Где round(len(df) / 100 * 99) - 99ти процентная строка в датасете.

Теперь, обучим модель на данных x_train и y_train и получим значимость каждого признака в модели с помощью метода .feature_importances_. После отмасштабируем значения важности признаков.

ranks = np.abs(dtc.feature_importances_)
minmax = MinMaxScaler()
ranks = minmax.fit_transform(np.array(ranks).reshape(len(x_train.columns), 1)).ravel()
ranks = map(lambda x: round(x, 2), ranks)
ranks = dict(zip(x_train.columns, ranks))
ranks = dict(sorted(ranks.items(), key=lambda x: x[1], reverse=True))

Чтобы отсеять значимые параметры от незначимых, условимся, что параметры, с оценкой значимости меньше 0.05 будут считаться незначимыми. Выведем список параметров с пометками:

X ranging results: 
 * BMI: 1.0 - Approved
 * SleepTime: 0.26 - Approved
 * PhysicalHealth: 0.18 - Approved
 * GenHealth: 0.16 - Approved
 * MentalHealth: 0.15 - Approved
 * AgeCategory: 0.14 - Approved
 * Race: 0.07 - Approved
 * PhysicalActivity: 0.06 - Approved
 * Stroke: 0.04 - Eliminated
 * Smoking: 0.03 - Eliminated
 * Asthma: 0.03 - Eliminated
 * SkinCancer: 0.03 - Eliminated
 * DiffWalking: 0.02 - Eliminated
 * Sex: 0.02 - Eliminated
 * AlcoholDrinking: 0.0 - Eliminated
 * Diabetic: 0.0 - Eliminated
 * KidneyDisease: 0.0 - Eliminated

Где Approved - параметр значим и будет использоваться в предсказании, а Eliminated - параметр незначим и будет исключён.

Решение задачи кластеризации на полном наборе признаков

Чтобы решить задачу кластеризации моделью DecisionTreeClassifier, воспользуемся методом .predict(). Оценку качества решения и графики будем строить теми же методами, что в 1й лабораторной работе.

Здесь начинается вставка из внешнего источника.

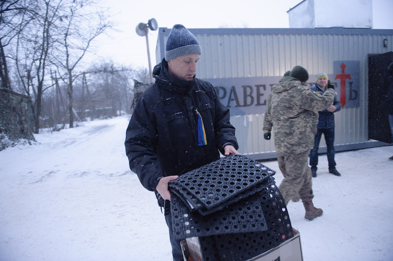 Більшу частину обладнання, якого бракує, все ще постачають цивільні волонтери. У вівторок попри хуртовину Валентин Наливайченко, колишній Голова Служби безпеки України, СБУ, та провідний антикорупційний реформатор разом із членами Громадсько-політичного руху «Справедливість», який він очолює, привіз до 30-ї ОМБр мобільний душовий модуль, переобладнаний із вантажного контейнера.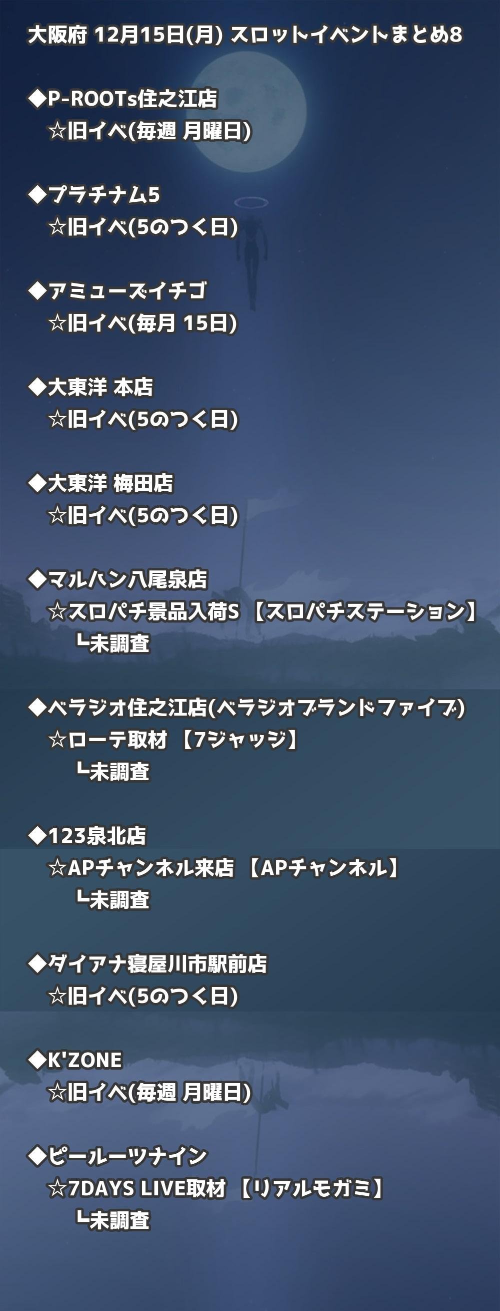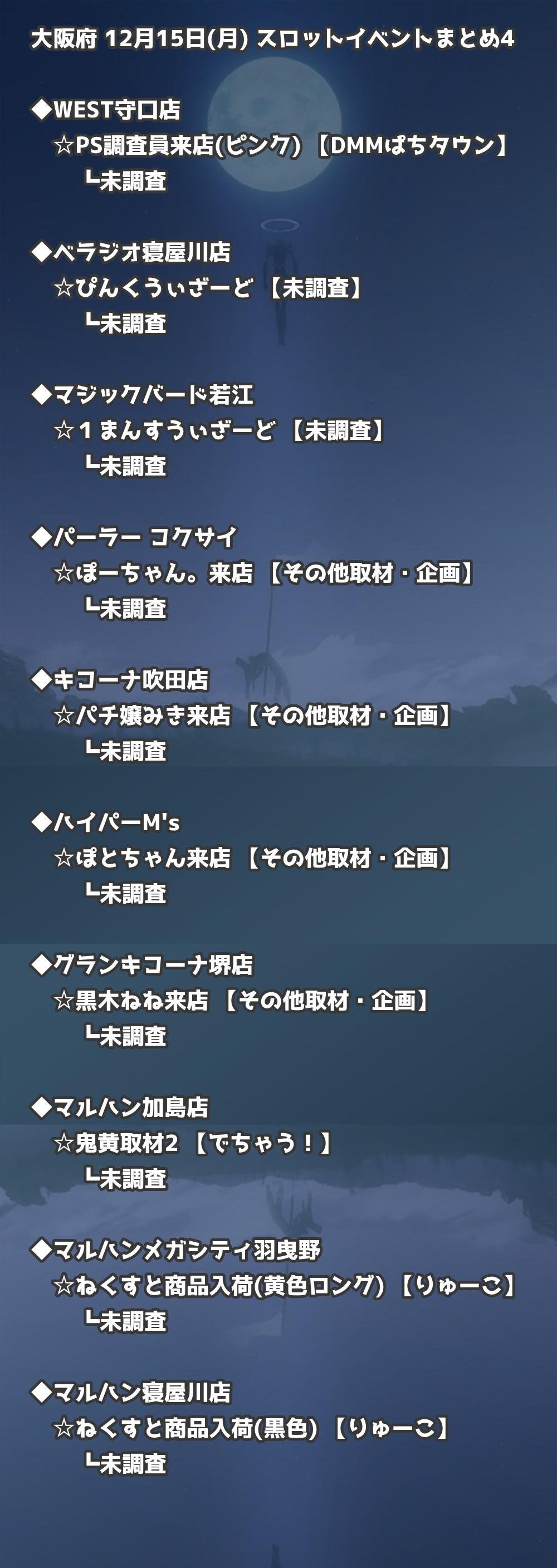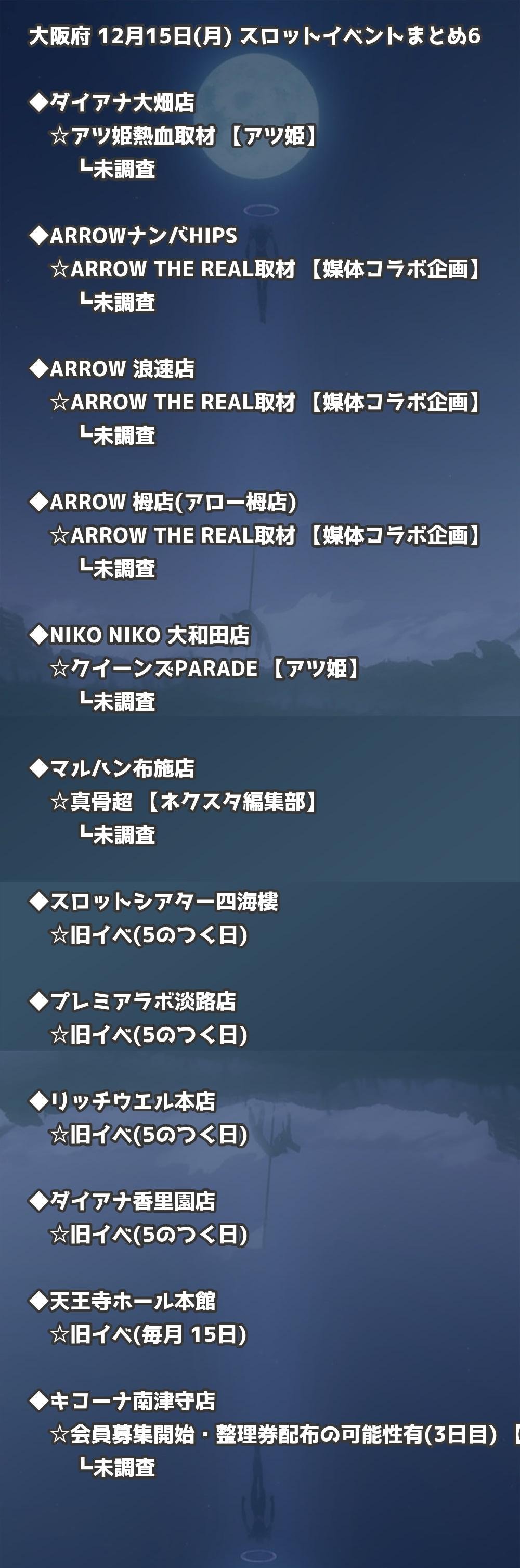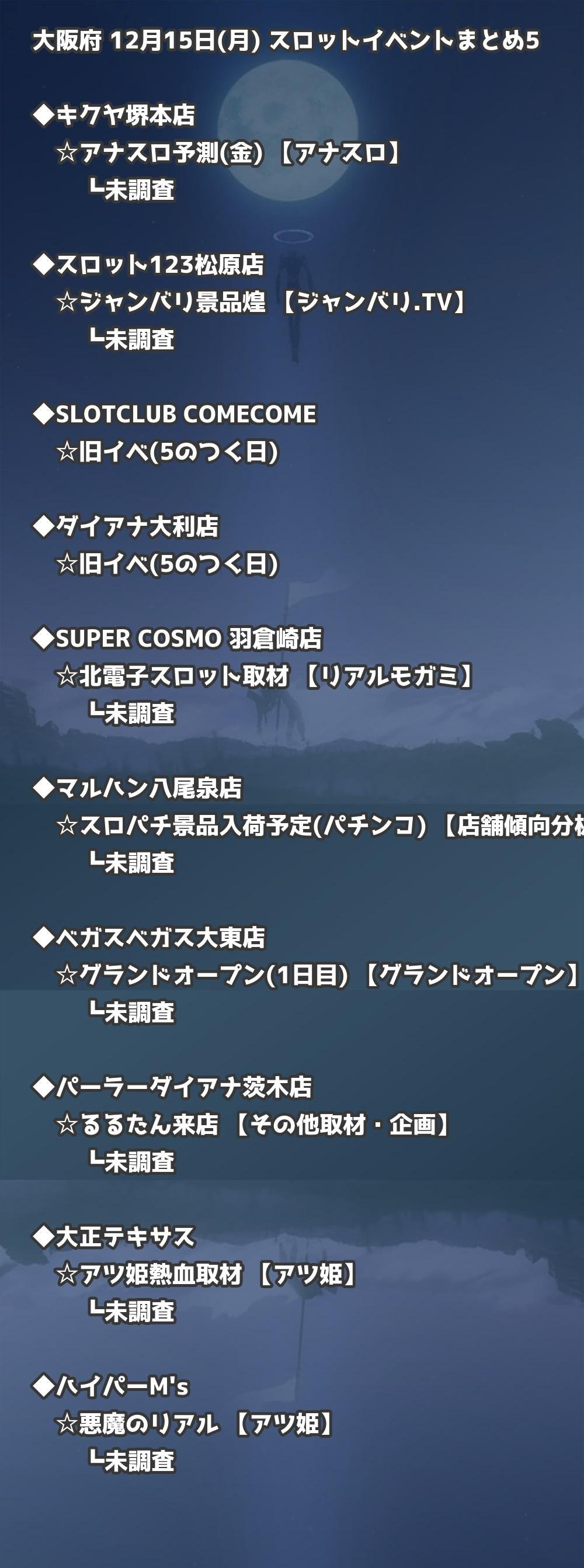 【大阪府】12月15日(月) パチンコホールイベント取材まとめ記事です。

График решения задачи классификации на полном наборе признаков:

Решение задачи кластеризации, используя только значимые признаки

Согласно предыдущему пункту, значимыми признаками модели были выявлены:

  • BMI
  • SleepTime
  • PhysicalHealth
  • GenHealth
  • MentalHealth
  • AgeCategory
  • Race
  • PhysicalActivity Обучим модель только с их использованием, решим задачу классификации и построим график.

График решения задачи классификации, используя только значимые признаки:

Вывод

Согласно среднеквадратической ошибке и коэфициенту детерминации, модель, обученная только на значимых признаков отработала точнее, чем модель, обученная на полном наборе признаков. Это значит, что ранжирование было проведено верно и дало полезный результат. О логической оценке исключённых данных сказать ничего не получится, поскольку действительную зависимость результата от параметров значет только медицинский эксперт.

Исходя их общих значений точности, обе модели показали хорошие результаты и могут быть применимы к решению задачи классификации на данном наборе данных.